Манфред с жаром схватил руку ученого.
– Черт возьми! Кто бы это говорил! Я всем вам обязан, мэтр Доле! Вы дали мне образование, вы открыли мне суть людей и вещей!.. Что же касается юной девушки… я не знаю даже ее имени (он солгал)… Этой ночью я видел ее впервые (еще одна ложь)… Все очень просто. Я увидел, что эту девушку собирается изнасиловать какой-то негодяй. Я напал на этого мерзавца, который, по воле случая, оказался королем Франции… Я отнял у него эту девушку… Вы бы сделали то же самое… Я привел ее к вам из жалости к ее юности… Доверил ее вам… Она ушла? Значит, таково было ее доброе желание, если употребить новую формулу, изобретенную нашим повелителем королем в эдиктах, которые он издает… Событие довольно ничтожное… Я уверен в вас, Доле… Я не оскорблю вас расспросами о деталях… Хотя… если бы она захотела остаться, вы защищали бы ее против целой армии… Если она ушла, значит, она этого хотела. Ушла с королем… Всё в порядке!
– Ладно! Пока не будем больше говорить об этом, – сказал Доле, которого удивило и испугало сдерживаемое возбуждение Манфреда. – Однако вы все же должны узнать одно обстоятельство… Это надо знать… Король ворвался сюда силой… Я оказал сопротивление его требованиям. Тогда он распорядился, чтобы меня взяли под стражу. И эта юная девушка согласилась уйти с королем только при условии, что меня не отведут в Бастилию…
– Восхитительная преданность наивной души! Дорогой друг, простите меня. Я подставил вас под Бастилию ради неизвестного вам существа. Это моя ошибка! Ах, Доле! Нет мне прощения! Я навлек на вас гнев Франциска… Мне кажется, что эта историйка повлечет за собой странные последствия… И всё это из-за девушки, которая не хотела уступать насилию!
Манфред, возбужденный этой внезапно пришедшей к нему мыслью, вскочил и прошелся по комнате.
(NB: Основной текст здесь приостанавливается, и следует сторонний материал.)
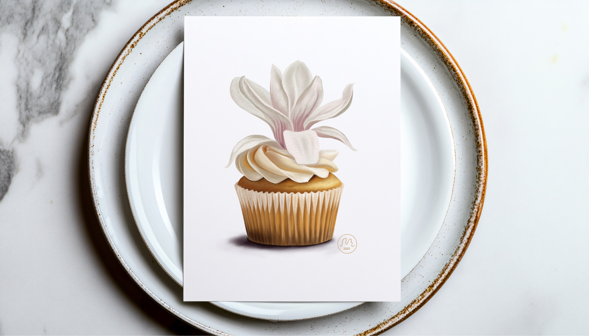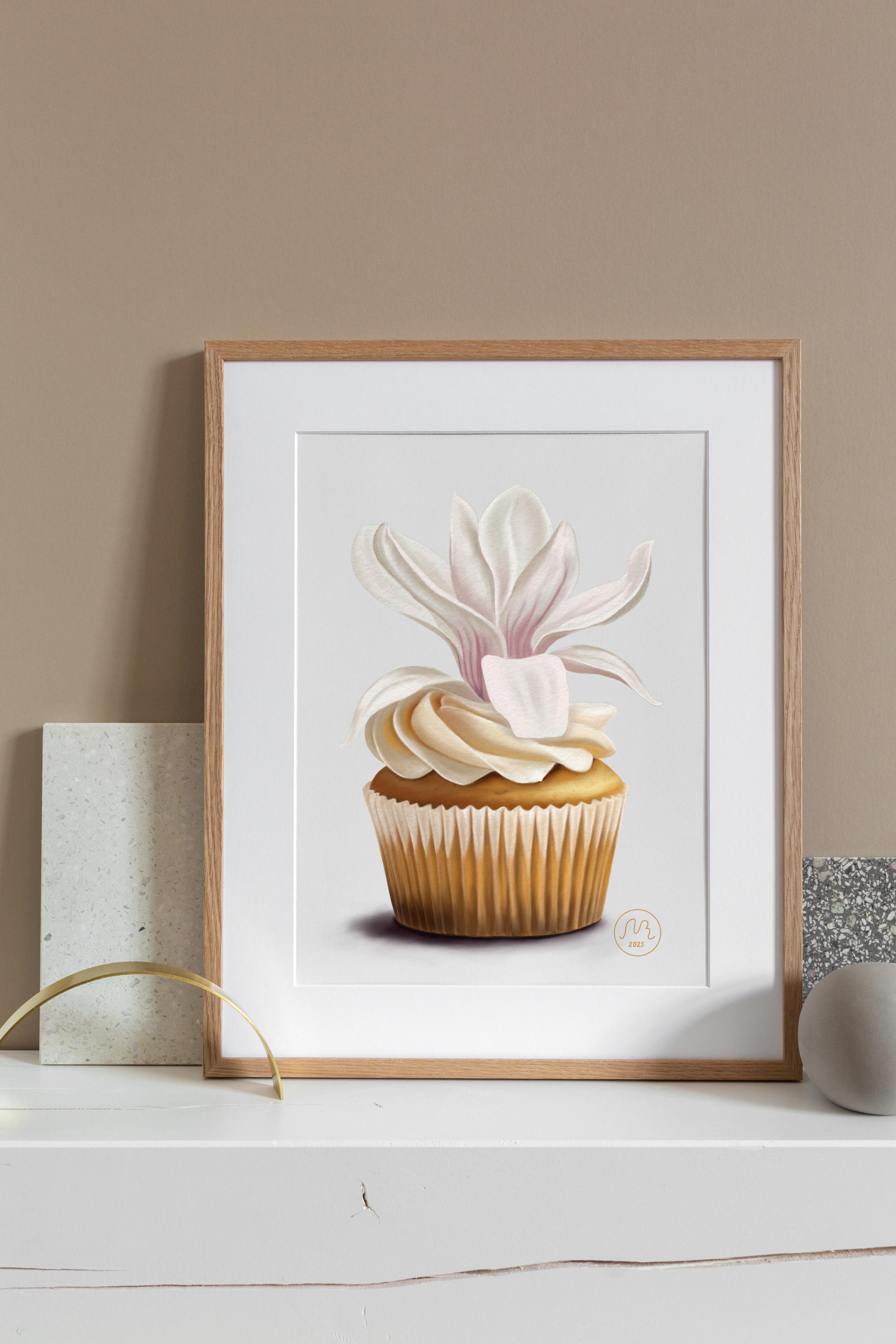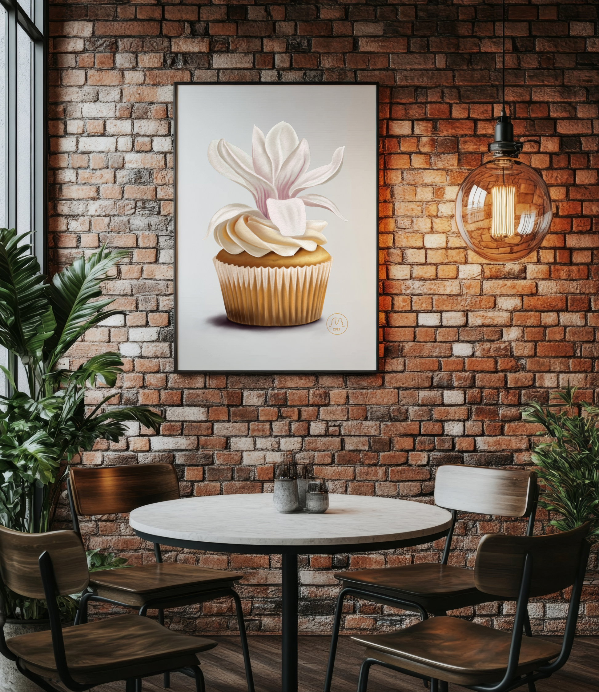 Let your walls bloom with sweetness and charm! This Magnolia Cupcake Art Print is a whimsical fusion of nature and dessert, bringing a soft, dreamy vibe to any space. A delicate magnolia blossom takes the place of icing, resting atop a golden cupcake base — a surreal design that celebrates imagination and beauty.

– Но мы будем бороться! – резко сказал он. – Пусть агенты короля и Монклара только посмеют коснуться одного лишь волоска с вашей головы!
– Успокойтесь, Манфред. Не думаю, что мне сейчас грозит какая-то опасность. Что же до той девушки…
– Хватит об этом, мэтр! После того, что я только что узнал, я ее презираю… Мне очень жаль, что я привел ее к вам… До свидания, мэтр! Лантене в курсе случившегося?
– Он только что вышел от меня. Он очень обеспокоен вашей судьбой.
– Спешу успокоить его и договориться, как нам организовать наблюдение за вашим домом.
Молодой человек надел свою шляпу с черным пером, выбежал из дома и торопливо пошел по улице Фруамантель, где он жил вместе с Лантене.
Мы скоро расскажем, какая дружба связывала двух молодых людей и как она зародилась.
Бедная квартирка друзей находилась недалеко от Лувра. Обставлена она была только самой необходимой мебелью. Она состояла из двух темноватых комнаток: в одной располагался Лантене, в другой – Манфред.
– Вы! – вскрикнул Лантене, увидев входящего друга.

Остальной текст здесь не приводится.